**INSTRUCTIONS FOR THE TASK**
Return the full set of entries precisely. Do not carry over any pictures.
• • • •
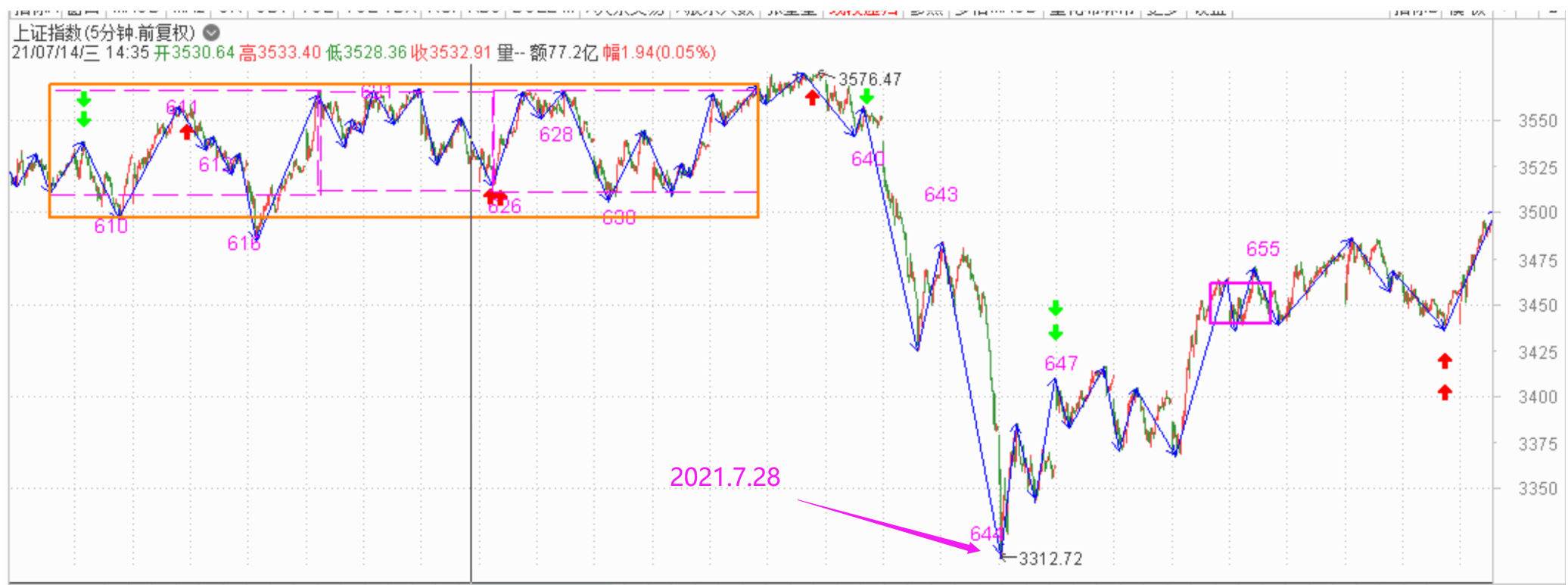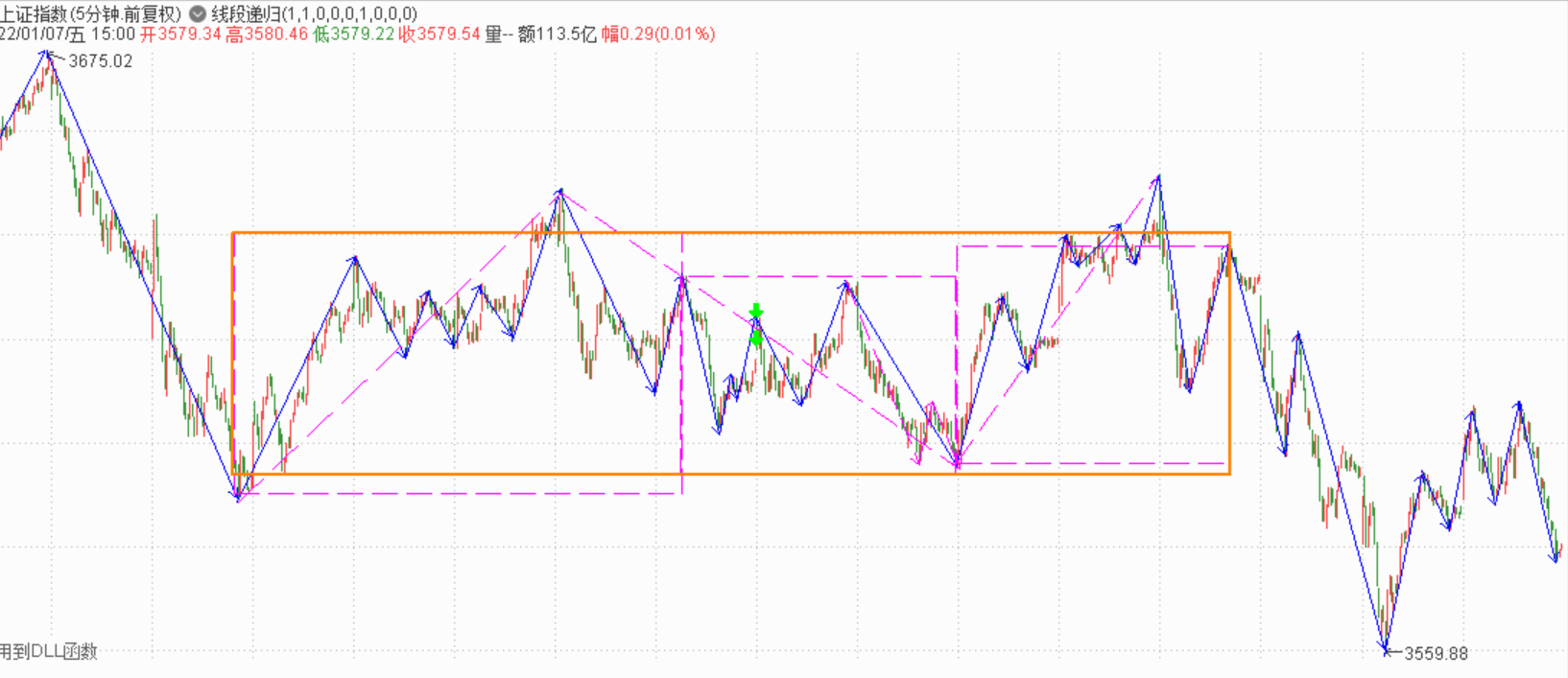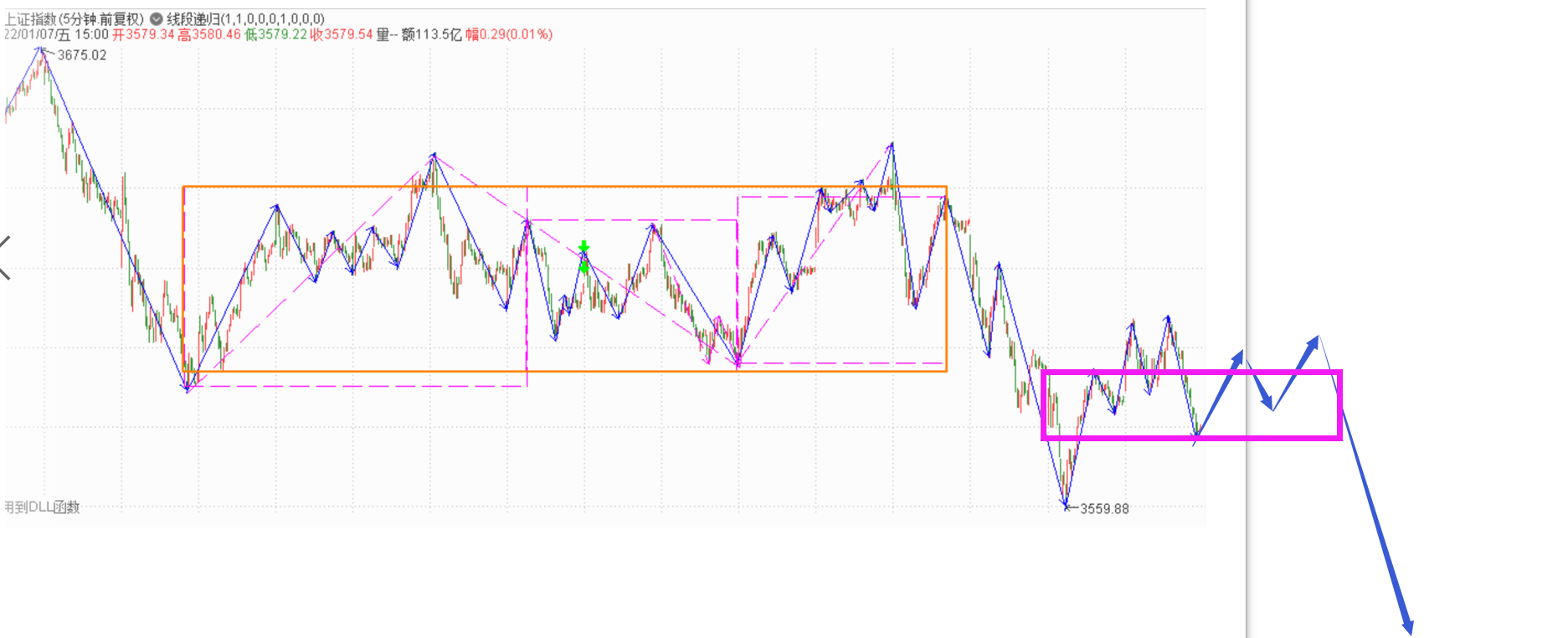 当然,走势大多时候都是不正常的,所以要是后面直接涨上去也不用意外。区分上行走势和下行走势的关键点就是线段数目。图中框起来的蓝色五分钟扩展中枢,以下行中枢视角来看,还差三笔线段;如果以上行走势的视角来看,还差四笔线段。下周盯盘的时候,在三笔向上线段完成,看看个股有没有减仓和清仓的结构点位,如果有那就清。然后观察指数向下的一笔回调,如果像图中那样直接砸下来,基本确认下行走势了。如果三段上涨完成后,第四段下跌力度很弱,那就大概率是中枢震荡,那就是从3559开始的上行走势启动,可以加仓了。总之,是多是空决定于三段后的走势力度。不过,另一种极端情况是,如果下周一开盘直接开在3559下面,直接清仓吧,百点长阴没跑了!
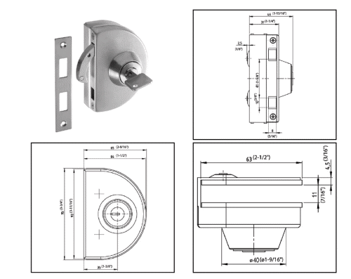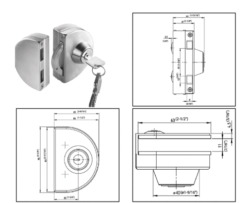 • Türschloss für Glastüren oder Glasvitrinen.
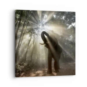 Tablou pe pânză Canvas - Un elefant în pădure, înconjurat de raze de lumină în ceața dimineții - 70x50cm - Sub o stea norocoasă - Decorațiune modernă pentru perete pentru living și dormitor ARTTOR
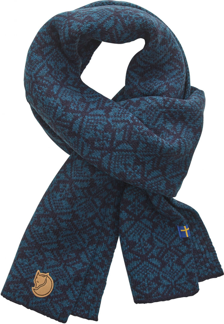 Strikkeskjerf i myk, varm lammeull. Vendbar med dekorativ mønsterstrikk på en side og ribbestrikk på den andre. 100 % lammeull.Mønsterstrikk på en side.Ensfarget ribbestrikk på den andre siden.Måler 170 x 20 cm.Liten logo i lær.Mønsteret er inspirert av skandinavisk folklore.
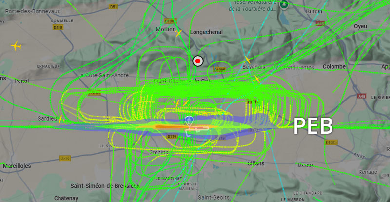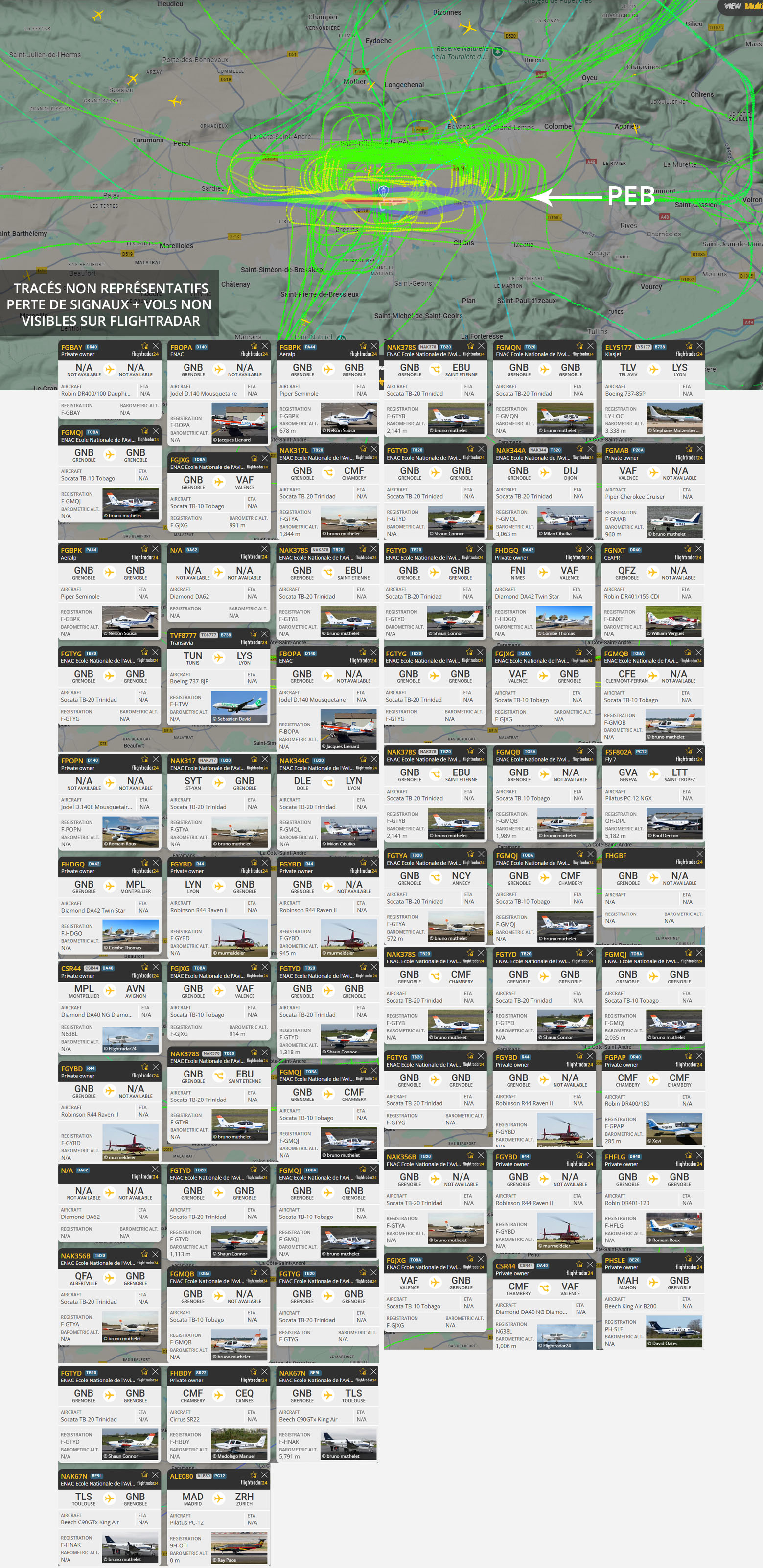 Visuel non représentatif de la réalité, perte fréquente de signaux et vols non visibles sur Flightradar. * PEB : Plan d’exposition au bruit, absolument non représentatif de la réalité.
• • • •
**ANSWER BOX**
 当然,走势大多时候都是不正常的,所以要是后面直接涨上去也不用意外。区分上行走势和下行走势的关键点就是线段数目。图中框起来的蓝色五分钟扩展中枢,以下行中枢视角来看,还差三笔线段;如果以上行走势的视角来看,还差四笔线段。下周盯盘的时候,在三笔向上线段完成,看看个股有没有减仓和清仓的结构点位,如果有那就清。然后观察指数向下的一笔回调,如果像图中那样直接砸下来,基本确认下行走势了。如果三段上涨完成后,第四段下跌力度很弱,那就大概率是中枢震荡,那就是从3559开始的上行走势启动,可以加仓了。总之,是多是空决定于三段后的走势力度。不过,另一种极端情况是,如果下周一开盘直接开在3559下面,直接清仓吧,百点长阴没跑了!
 • Türschloss für Glastüren oder Glasvitrinen.
 Tablou pe pânză Canvas - Un elefant în pădure, înconjurat de raze de lumină în ceața dimineții - 70x50cm - Sub o stea norocoasă - Decorațiune modernă pentru perete pentru living și dormitor ARTTOR
 Strikkeskjerf i myk, varm lammeull. Vendbar med dekorativ mønsterstrikk på en side og ribbestrikk på den andre. 100 % lammeull.Mønsterstrikk på en side.Ensfarget ribbestrikk på den andre siden.Måler 170 x 20 cm.Liten logo i lær.Mønsteret er inspirert av skandinavisk folklore.
 Visuel non représentatif de la réalité, perte fréquente de signaux et vols non visibles sur Flightradar. * PEB : Plan d’exposition au bruit, absolument non représentatif de la réalité.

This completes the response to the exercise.